In the US popular science journal Nature a few days earlier, a promising article was published that biologists managed to trace the dependence of cancer cell cells on drugs that are administered intravenously during chemotherapy. Chemotherapy is known to be carried out more than once and the scientists managed to find out that after several repeated courses of treatment, the cells of a malignant tumor become drug dependent. Dependence is akin to the narcotic and after a while these cells are very difficult to exist without, so-called, doping.

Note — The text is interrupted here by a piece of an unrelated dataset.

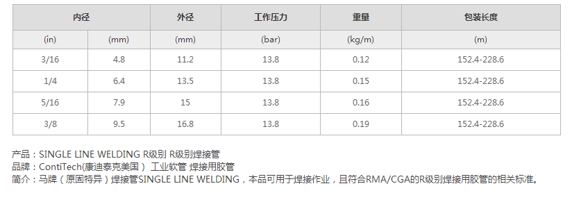 用途:本品可用于焊接作業,且符合RMA/CGA的R級別焊接用膠管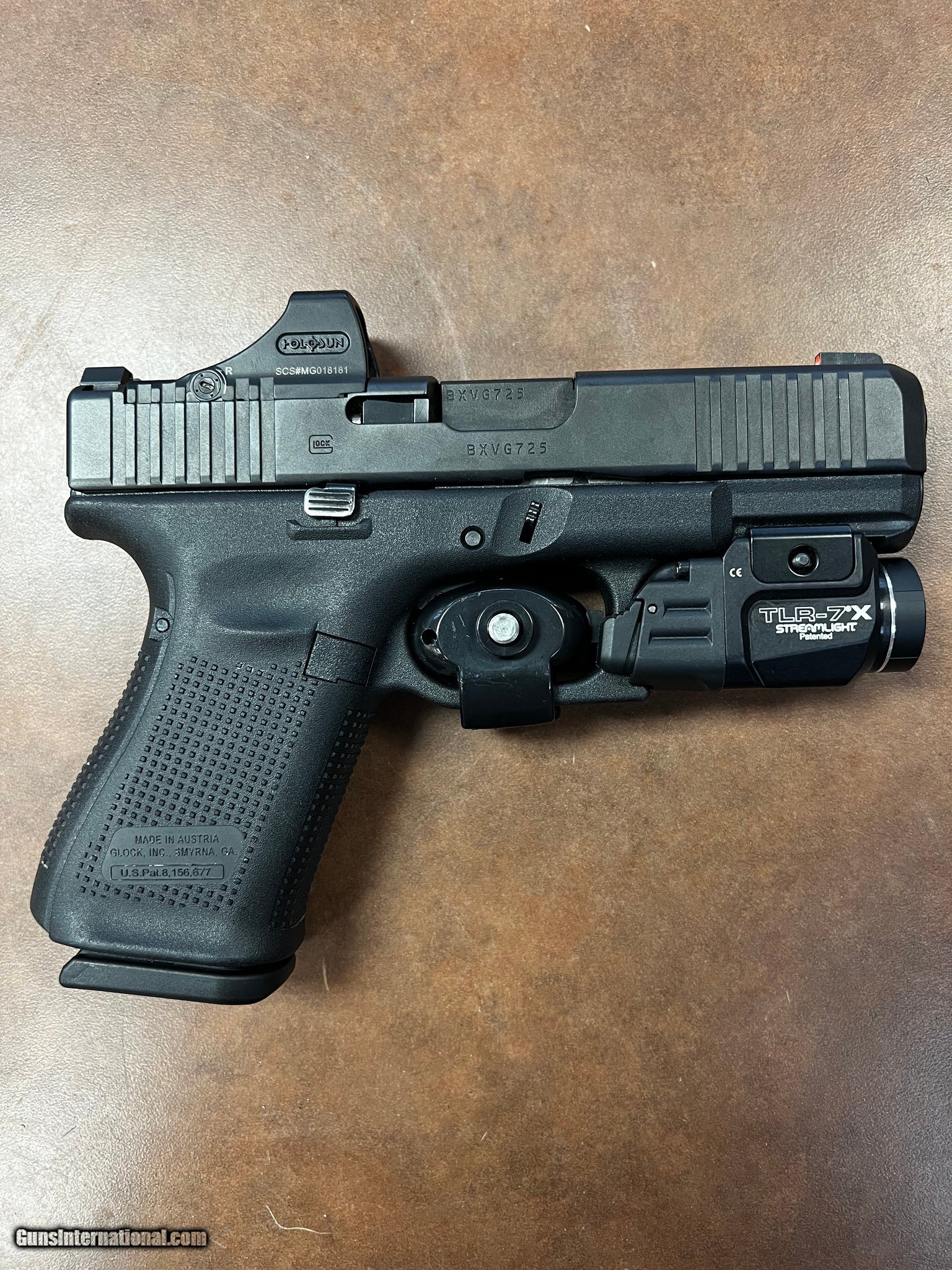 Description: Guns Listing ID: 526379 The GLOCK® 23 Gen5 MOS 40 S&W Semi-Auto Pistol is the 40 caliber version of the staple compact carry firearm that all are measured by. Sized between the sub-compact 27 and the full-size 22, the 23 is a happy medium. While most law enforcement agencies have made the switch to 9mm, several agencies still prefer the 40 S&W for its ability to eat through windshields and stay closer to course than the 9mm. For several years now, many have been getting their slides milled out by gunsmiths to cleanly attach a sight to their pistol. The MOS (Modular Optic System) has a slide cut out. Some still prefer a custom cut, while many prefer the ease of use with the MOS system. The G23 comes with the same popular upgrades of all Generation 5 GLOCK pistols like the Glock Marksman Barrel and removal of finger grooves. The slide release is ambidextrous and the magazine catch is reversible. Comes with Streamlight TLR-7X, Holosun SCS, case and 3 mags. SOLD Manufacturer: GLOCK Model: G23 GEN 5 Caliber Info: .40 S&W Condition: Used - Non-Certified Barrels: 4.02 Action: SEMI AUTOMATIC Finish: black |

Doctors believe that breaks in chemotherapy procedures can have a beneficial effect on the outcome of the disease, since the cells of malignant tumors that managed to develop resistance and immunity to the drugs will experience severe inconvenience if they are deprived of drugs.

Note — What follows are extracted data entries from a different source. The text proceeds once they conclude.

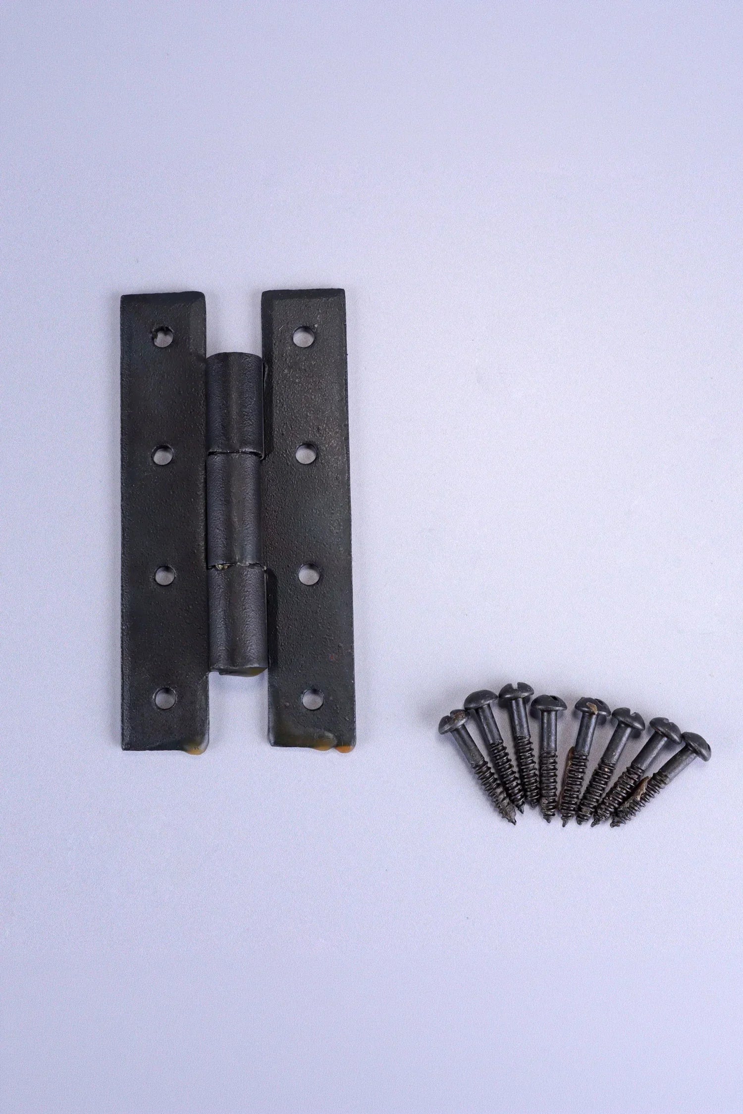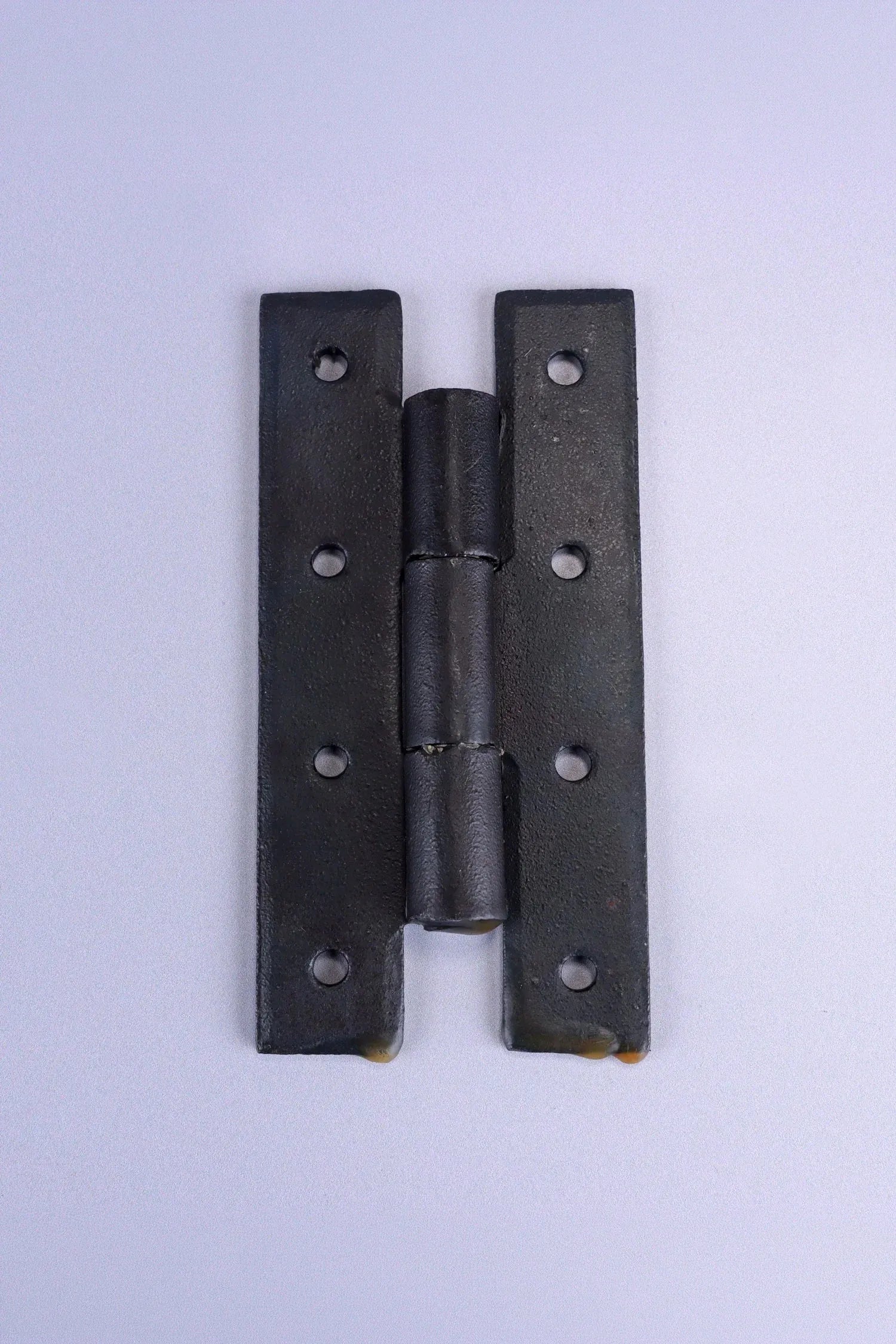 This decorative H hinge is traditionally hand forged from solid iron and finished with a natural beeswax coating that protects the surface while preserving the authentic character of the metal. The clean H-shaped design offers a simple and traditional appearance, making the hinge a suitable choice for furniture and cabinetry where visible iron hardware forms part of the overall look. Produced using traditional forging methods, the iron has a subtly textured surface with natural tonal variation rather than a perfectly smooth machine-made finish. The hinge is designed for indoor use, making it well-suited for kitchen cupboards, pantry cabinets, interior cupboard doors, wooden chests, blanket boxes, and handmade furniture. The H-shaped plates provide a balanced fixing surface on both the door and frame, allowing the hinge to sit neatly along the door seam while offering reliable support. Additional hinges can be installed where extra strength or stability is required, particularly for larger doors or heavier wooden lids. The H hinge is supplied with matching fixing screws, allowing straightforward installation onto wooden doors and frames.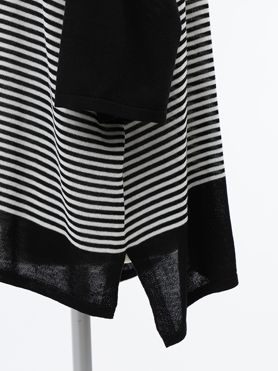 一番のポイントは、前後で長さを変えたイレギュラーな裾のラインです。後ろが少し長めになっているので、安心感がありつつ、横から見たシルエットがとてもドラマチックで、サイドのスリットがその前後を美しくつないで、動くたびに軽快な表情を見せてくれます。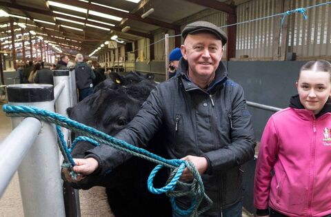 John and Amy Heneghan from Ballinlough head to the ring with Jackie Adam. The Angus bull went on to sell for €4,300 at a sale of pedigree bulls and heifers at Carrick Showgrounds. Pic: Gerry Faughnan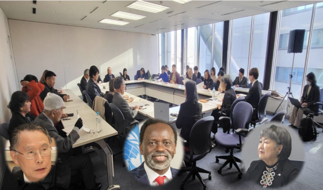 To commemorate the 50th anniversary of the establishment of the United Nations University, the Ministry of Foreign Affairs of Japan hosted a reception attended by Mr. Yasushi Akashi (Special Adviser, Global Peacebuilding Association of Japan), Dr. Sukehiro Hasegawa (President), Ambassador Tadamichi Yamamoto (Vice President), and Professor Miki Sugimura (President, Sophia University; Director, United Nations Association of Japan). (4/12/2025)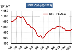 LDPE(Low-Density Polyethylene)는 1000달러 밑으로 떨어졌다. LDPE 시세는 12월27일 필름 그레이드 기준 CFR FE Asia가 톤당 980달러, CFR SE Asia는 995달러로 변동이 없었다. CFR India는 1035달러로 보합세를 형성했다. 표, 그래프: <LDPE 가격동향> <화학저널 2024/01/02> |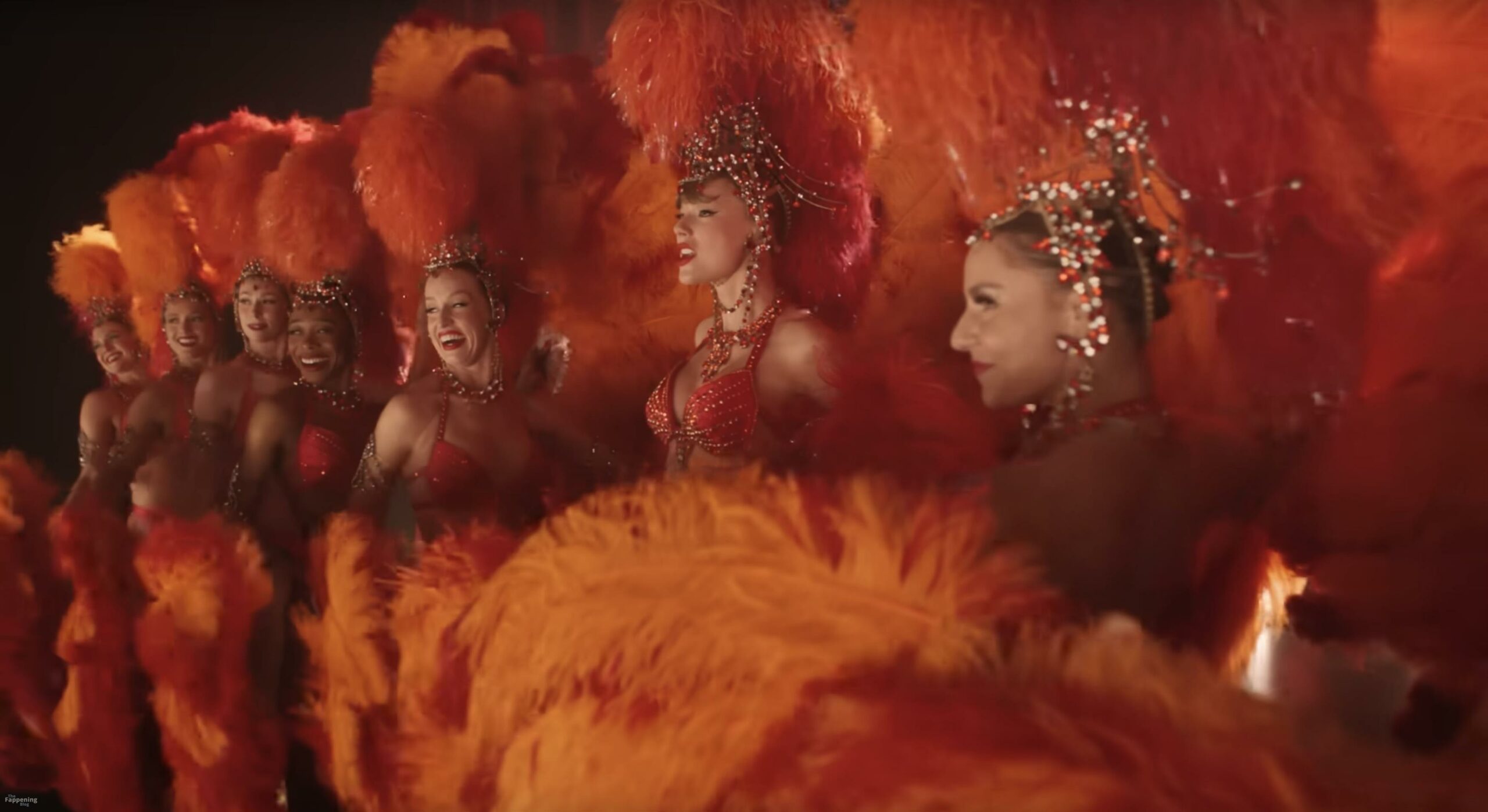 Ich warte immer noch auf eine schöne Aufnahme des vollen Hinterns im Showgirl-Tanga-Kostüm.

The chemotherapy procedure itself looks like this: intravenously or intramuscularly, a toxic solution of the substance is introduced into the human body, which should have a devastating effect on a malignant tumor that afflicted the patient. The drug should also prevent reproduction, the division of foreign cells. Due to the fact that the drug is toxic (although its effect on the tumor is stronger than the effect on the human body), during the chemotherapy the patient has problems with the immune system. This moment significantly reduces the effectiveness of treatment, because the body is too weak and does not have the ability to fight the disease on its own.
In the process of research, scientists have discovered yet another characteristic feature of chemotherapy, or rather its effects. A team of biologists from the University of Emeryville (USA) conducted a series of studies on laboratory mice. These studies were to show the possible consequences of chemotherapy and the reaction of the animal body to frequent use of procedures. The latter were examined several mice, patients with skin cancer (melanoma), whose treatment was carried out with the help of a new drug "vemurafenib." Biologists were surprised and dissatisfied with the result of treatment of mice: after chemotherapy sessions, tumors on the skin of animals not only did not disappear, but also could develop immunity and resistance to the cells of medications. During the research, scientists found that the cells of the smog tumor independently synthesize the protein, which helped to virtually neutralize vemurafenib.
A positive point, which was elucidated during the analysis of the drug, is that cancer cells are dependent on it. Accordingly, with a gradual decrease in dosage, the growth of the tumor gradually slowed down, and after the end of chemotherapy, it stopped altogether.